Wednesday, July 15, 2020

In line with its corporate social responsibility initiatives, the processed pork products brand is donating over R1 million worth of food parcels through its #EskortCares Covid Food Feeding Scheme, to the communities surrounding its factories and butchery outlets.

During these difficult times the company has stepped forward to support those communities and families that have been at the forefront of supporting the brand for decades.

According to Eskort, research indicates that more than 30% of households in townships are facing the prospect of not having any food for an entire day, and the supply of food parcels has become the most essential service required amongst these citizens.

Arnold Prinsloo, CEO at Eskort Limited notes that every employee is part of the Eskort family and community. “It is for this reason, and the dire situation faced by many families within our communities, that we are empowering all our employees across our manufacturing facilities situated in Heidelberg and Estcourt and Eskort Butchery retail outlets to distribute food hampers directly within their – and by extension our – communities, to those households which are in desperate need thereof.”
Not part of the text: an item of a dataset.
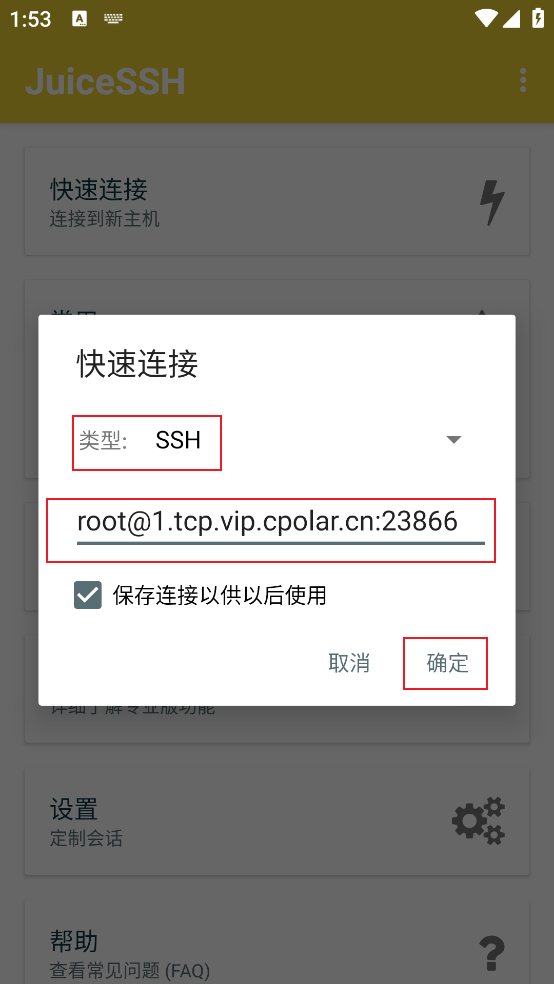 固定好了地址后,我们打开JuiceSSH ,使用我们固定的地址进行连接,同样输入的时候按照:用户名@cpolar地址格式进行输入,输入完成点击确定
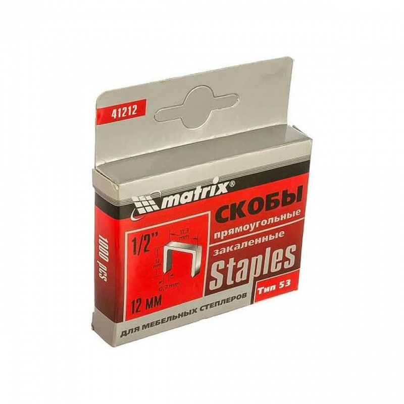 Скобы MATRIX 41212 изготовлены из углеродистой стали. Закалены. Тип 53. Ширина скобы – 11.3 мм., толщина – 0.7 мм. Используются в комплекте со степлером для крепления тканей, листовых материалов из дерева, ДСП и т.п. Подходят для степлеров MATRIX моделей 40902, 40903.

Over a period of four months, from May through to August, Eskort will distribute 6,000 much needed care packages to thousands of South Africans facing nutritional food risk. The food parcels represent a significant and heartfelt addition to the already established and effective activity within its broader corporate social responsibility programme aimed at reaching out and supporting the communities with which it has a reciprocal relationship.
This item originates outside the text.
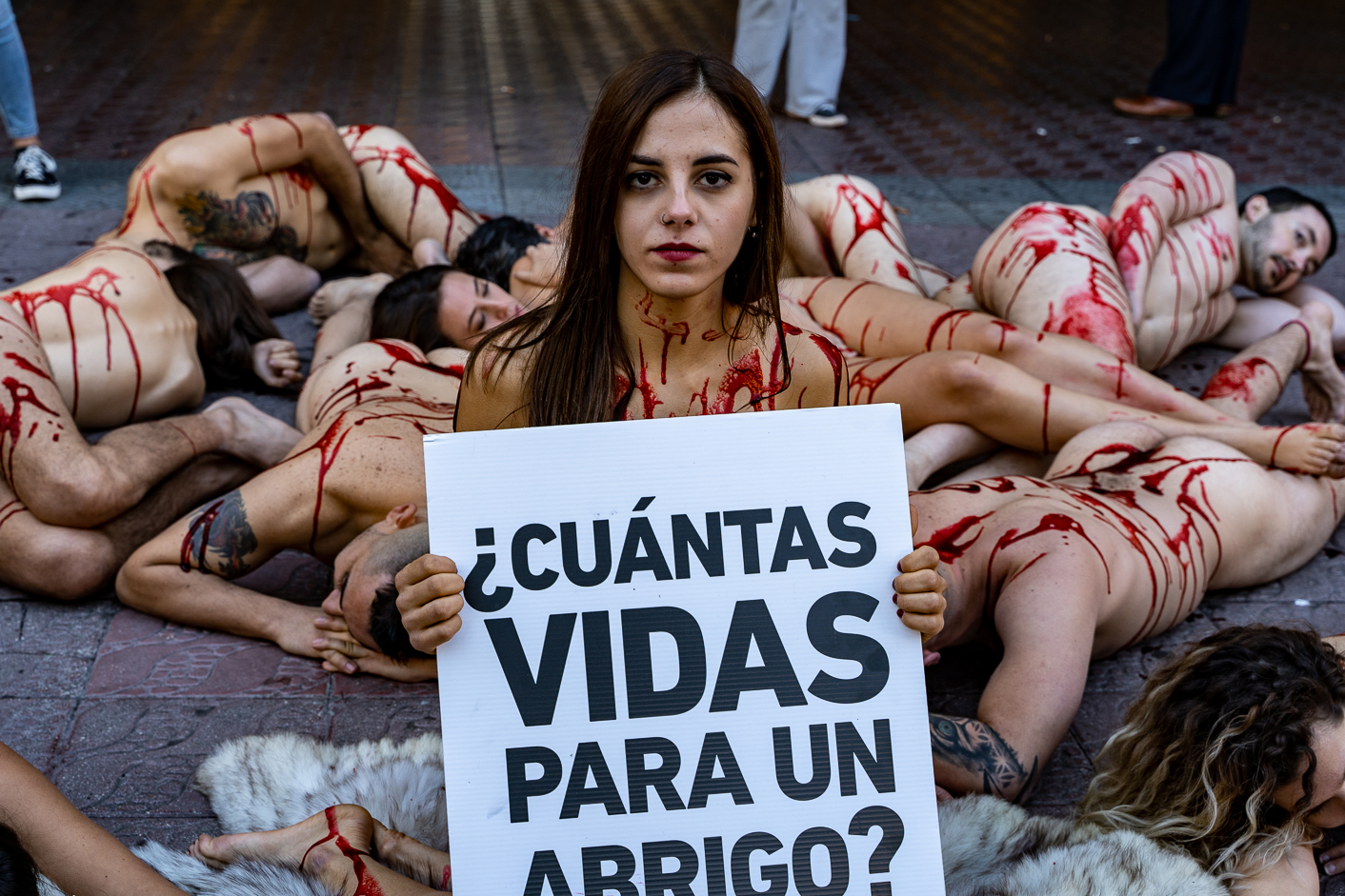 Es el primer año que participo en la performance que organiza AnimaNaturalis, conocida por todos como "SinPiel".
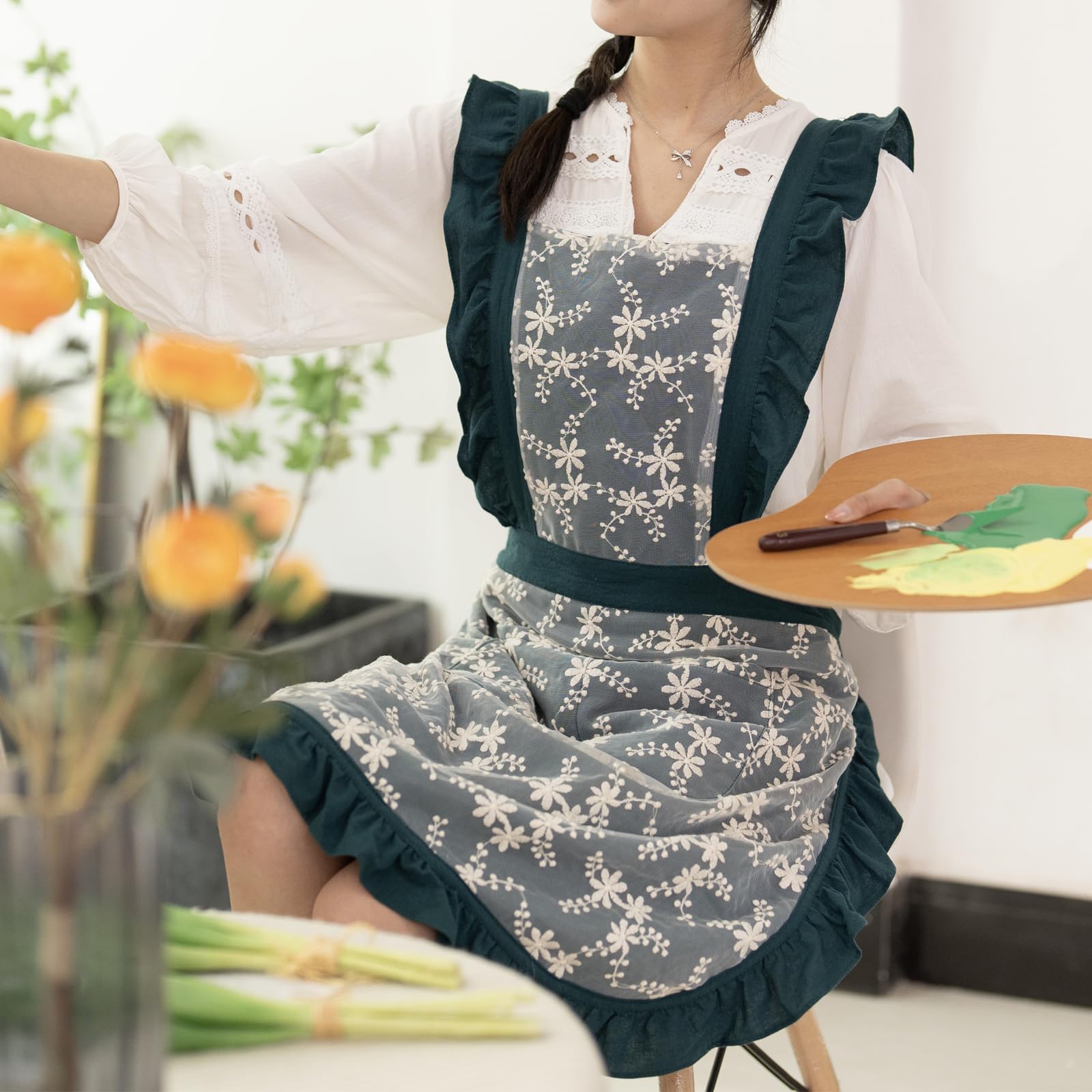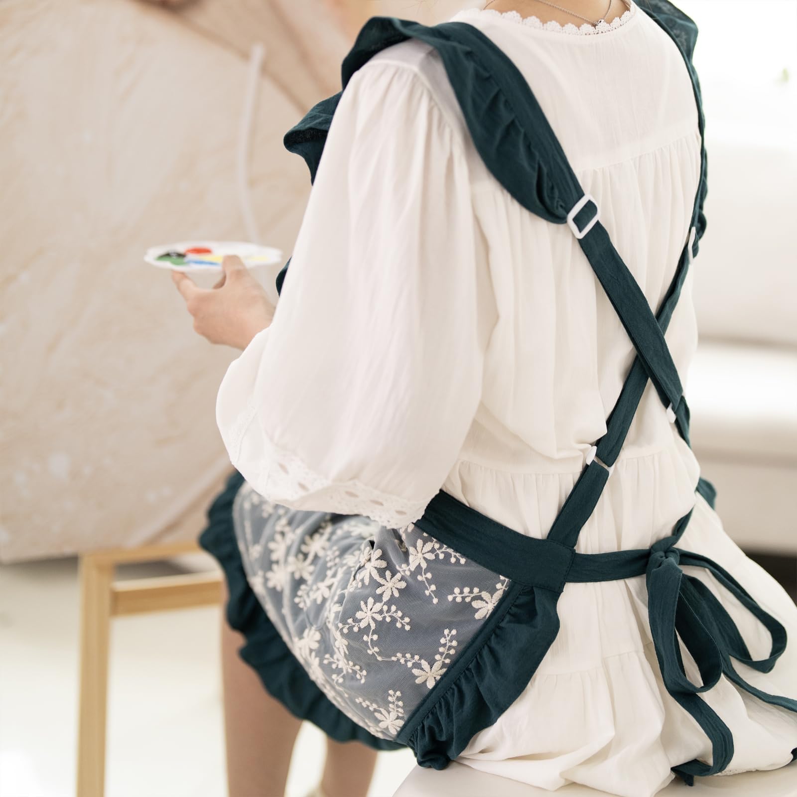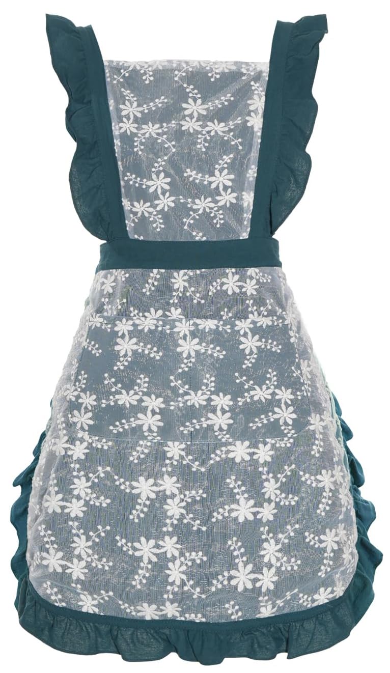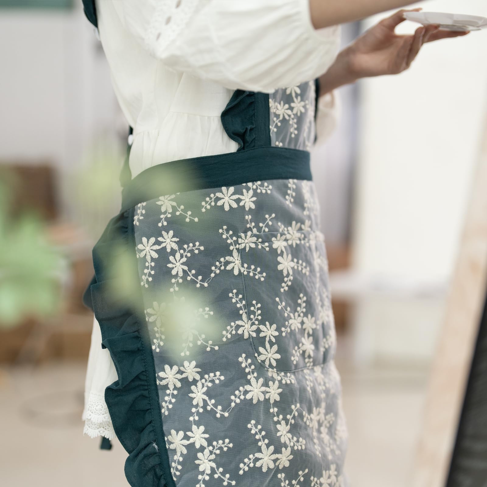 [Joolxxo] エプロン レディース おしゃれ 可愛い レース付き 花の刺繍 調節可能 大容量ポケット2つ 付き 汚れにくい シワ防止 ダイニングルーム コーヒーショップ 家事に最適 園芸 保育園 花屋 用

Each food parcel distributed through the #EskortCares Covid Food Feeding Scheme provides up to 50 meals – or a total of 300,000 meals over the period. Contents include 2kg of Eskort’s French Polony, fresh vegetables sourced from local farmers, 5kg of Maize Flour and 500g of soup or gravy powder.

“These are very difficult times for all, and it is with a sense of duty that we help reduce as far as possible, the burden of those struggling economically due to the COVID-19 pandemic,” concludes Prinsloo.